April 22, 2025

Research in Context: Designing proteins

Harnessing nature’s nanotechnology

Proteins perform many different functions in biology. This special Research in Context feature explores advances in scientists’ efforts to custom design proteins that can perform unique functions beneficial to human health.

A researcher pointing to a molecular structure on a computer monitor. S. Singha / Shutterstock

Proteins are the workhorses of biochemistry. Nearly every function in every living organism involves proteins at some point. Proteins do it all—from enzymes that enable chemical reactions, to fibers that provide structural support for cells, to hormones that carry signals between different organs and the receptors that receive those signals.

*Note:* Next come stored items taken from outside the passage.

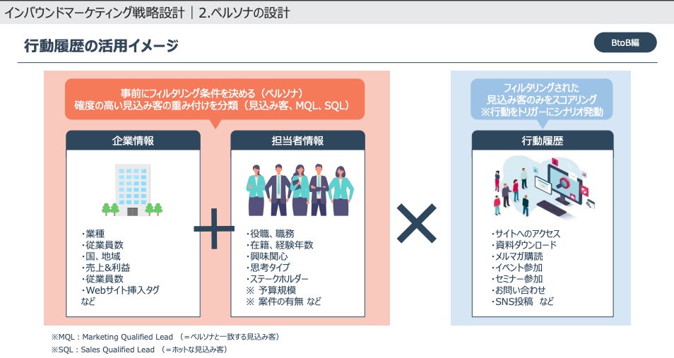 効果的なインバウンドマーケティングを実践するには、闇雲に情報を提供するだけではなく、ペルソナの興味、課題にあった内容を最適なタイミングで届けることが非常に重要です。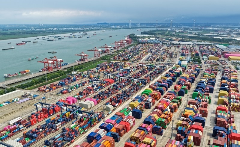 9月8日拍摄的江苏省港口集团南京港龙潭港区(无人机照片)。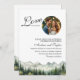 Eine elegante Einladung zur Hochzeit mit Aquarellbergen und Pinienbäumen, die Sie mit Ihren Details anpassen können.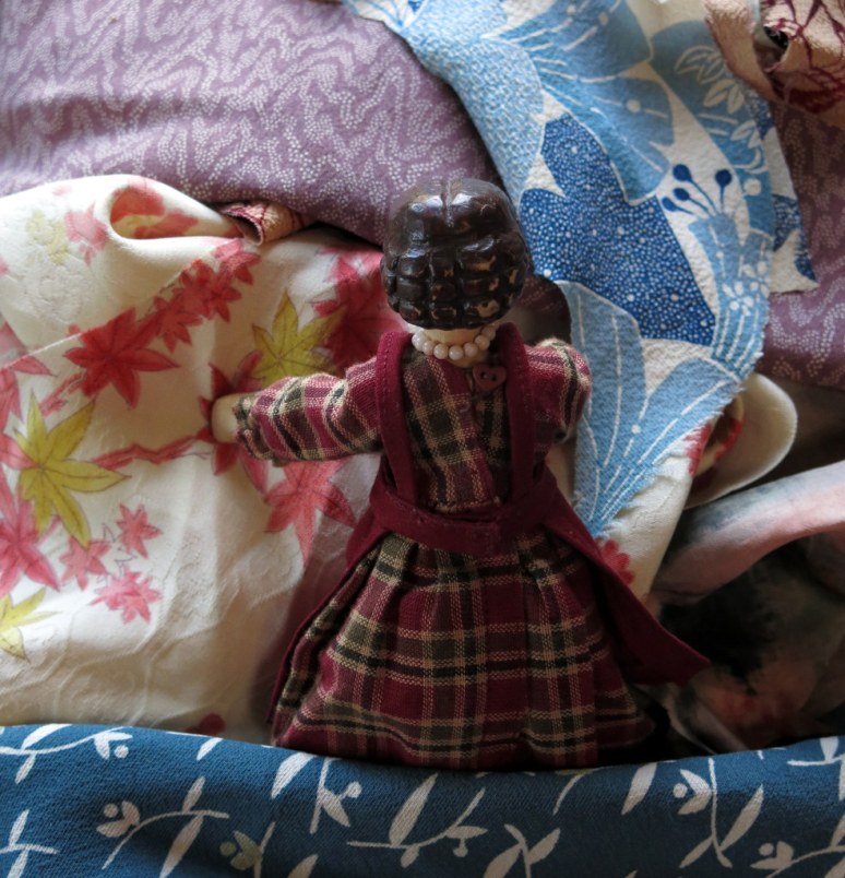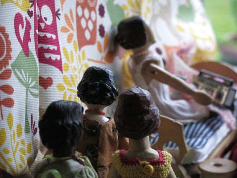 Our one-block-a-month quilt is coming along, and now that it is June, Constance and I can move on to Quilt Square #6. We made a little masking card with a one-quilt-square window in it so we can see the pattern shapes without being distracted by the other bits of the design…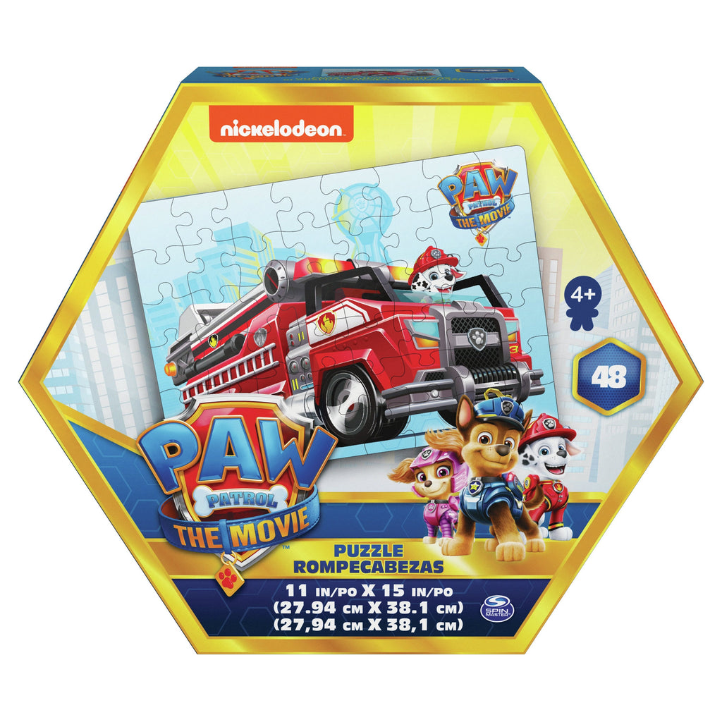 Revive tus momentos favoritos de PAW Patrol: The Movie con un colorido rompecabezas de 48 piezas. Una forma genial de juntar a la familia o a los amigos. Cada uno de los rompecabezas de cartón se compone de piezas completamente encajables y muestra una escena llena de acción inspirada en los rescates de los cachorros en Ciudad Aventura. Mira cómo los cachorros cobran vida en sus elegantes vehículos mientras buscas y encuentras las piezas adecuadas. Con 48 piezas grandes diseñadas para manos pequeñas, cada rompecabezas mide 27,94 cm x 38,1 cm una vez terminado. Las piezas vienen en una caja única con forma de hexágono que completa un regalo inolvidable para cumpleaños y fiestas. Móntalo una y otra vez: con un rompecabezas de la Patrulla canina, ninguna ciudad es demasiado grande ni ningún cachorro es demasiado pequeño.

They are extremely versatile molecular tools.

Some scientists aim to harness that versatility to create new proteins that can perform specific tasks. “Proteins are the ultimate miniature machines,” says Dr. Brian Kuhlman, who studies protein design at the University of North Carolina School of Medicine. “Any biological process you can think about, proteins are involved with. And so, we want to be able to design proteins that interact with naturally occurring proteins and regulate their behavior, to create new therapeutics or probes for understanding biology. More ambitiously, we want to design completely new proteins that perform functions not observed in nature.”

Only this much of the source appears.